Estamos sempre em busca de encontrar uma linguagem de contato que se suponha linguagem onde ainda há somente possíveis rudimentos (que suponha um vir a ser mente), como a mãe que supõe o sujeito-bebê antes que ele como tal se apresente. A “aposta pulsional do analista” (Marucco, 2007) [na linguagem aqui do poeta o não desistir da possibilidade de representação e criação] configura-se como essencial, como material de construção e fundamento de nosso inconformismo com os circuitos intermináveis de estereotipias e mortíferos rituais autísticos silenciadores de vida.

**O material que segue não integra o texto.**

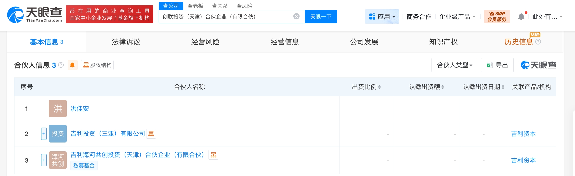 每經(jīng)AI快訊,天眼查App顯示,近日,創(chuàng)聯(lián)投資(天津)合伙企業(yè)(有限合伙)成立,執(zhí)行事務(wù)合伙人為吉利投資(三亞)有限公司,出資額5040萬元人民幣,經(jīng)營范圍含以自有資金從事投資活動(dòng)。合伙人信息顯示,該合伙企業(yè)由洪佳安、吉利投資(三亞)有限公司、吉利海河共創(chuàng)投資(天津)合伙企業(yè)(有限合伙)共同出資。

Uma via de desenvolvimento possível se dá no engajamento entre os rudimentos de clamor por significação emocional e a amplificação conferida pelo analista. Analista que, a um só tempo poeta e leitor, se oferece como radar para ressonâncias no processo de tornar-nos (analista e paciente, com nossos vários aspectos de mente) co-produtores de linguagem e possíveis sujeitos de constantes criações.

 

Referências

Alvarez, A. (1994). Companhia viva: Psicoterapia psicanalítica com crianças autistas, borderline, carentes e maltratadas.Porto Alegre: Artes Médicas.         [ Links ]

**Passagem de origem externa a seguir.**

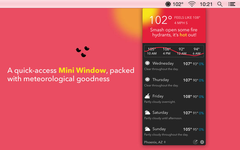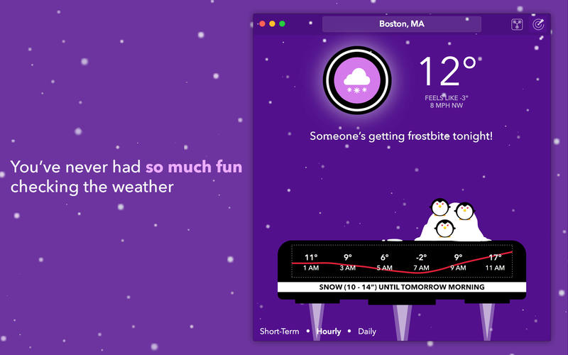 每當(dāng)CARROTWeatherformac檢測(cè)到你所在地區(qū)的降水或嚴(yán)重的天氣警報(bào)時(shí),她都會(huì)通知你。如果你有自己的CARROTWeather的iOS客戶(hù)端,她甚至可以提出通知發(fā)送到您的移動(dòng)設(shè)備。CARROTWeatherformac的小窗口位于菜單欄,讓您查看短期,小時(shí),和一個(gè)快速單擊或按鍵日?qǐng)?bào)預(yù)報(bào)。你甚至可以從菜單欄中分離迷你窗口,并將它保存在你的其他應(yīng)用程序的前面。

Marucco, N. C. (2007). Entre a recordação e o destino: A repetição.Trabalho apresentado em Conferência na Sociedade Brasileira de Psicanálise de São Paulo em 10 mar. 2007.        [ Links ]

 

 

Endereço para correspondência
Luís Antônio de Oliveira Silva
Rua Gabriel Monteiro da Silva, 639 – Jardim América
01441-000 – São Paulo – SP
Tel.: 11 3062-3516

Mariângela Mendes de Almeida
Rua Escobar Ortiz, 628 – Vila Nova Conceição
04512-051 – São Paulo – SP
Tel.: 11 3842-8839
E-mail: mamendesa@hotmail.com

Recebido: 30/03/2007
Aceito: 26/04/2007

 

 

* Artigo concebido durante o seminário sobre estados primitivos da mente, oferecido por Célia Fix Korbivcher como parte da formação de analistas junto ao Instituto da Sociedade Brasileira de Psicanálise de São Paulo, do qual, além dos autores, fizeram parte, de agosto a dezembro de 2006, Aida Ribeiro, Ana Letícia Araújo, Elizabeth de Oliveira, Leila Lombardi, Maria Teresa Menicucci, Maysa Dias Ayres e Leda Beolchi Spessoto (monitora). A todos agradecemos pelo espaço inspirador e gestador desta criação.
** Instituto da Sociedade Brasileira de Psicanálise de São Paulo. Psiquiatra.
*** Instituto da Sociedade Brasileira de Psicanálise de São Paulo, psicóloga e mestre pela Tavistock Clinic e University of East London. Desenvolve atividades clínicas e didáticas no setor de saúde mental, pediatria, na Unifesp. Autora dos comentários deste texto.
1 Referência ao conceito de “reclamação” (chamar para o contato, engajar na relação) de Anne Alvarez, 1994.
2 Credito à Izelinda Barros a formulação em linguagem articulada desta polêmica, que em muito ressoou em nossa experiência clínica vivenciada em estado primitivo de mente, produzindo constantes desdobramentos e articulações (em terreno fértil propiciado por discussões em grupo de estudo sobre transtornos autísticos, coordenado por Vera Regina Fonseca e compartilhado também com Daniel Kaufman, Eunice Nishikawa, Luciana Pires, Maria Cecília Pereira da Silva e Marly Terra Verdi em 2006).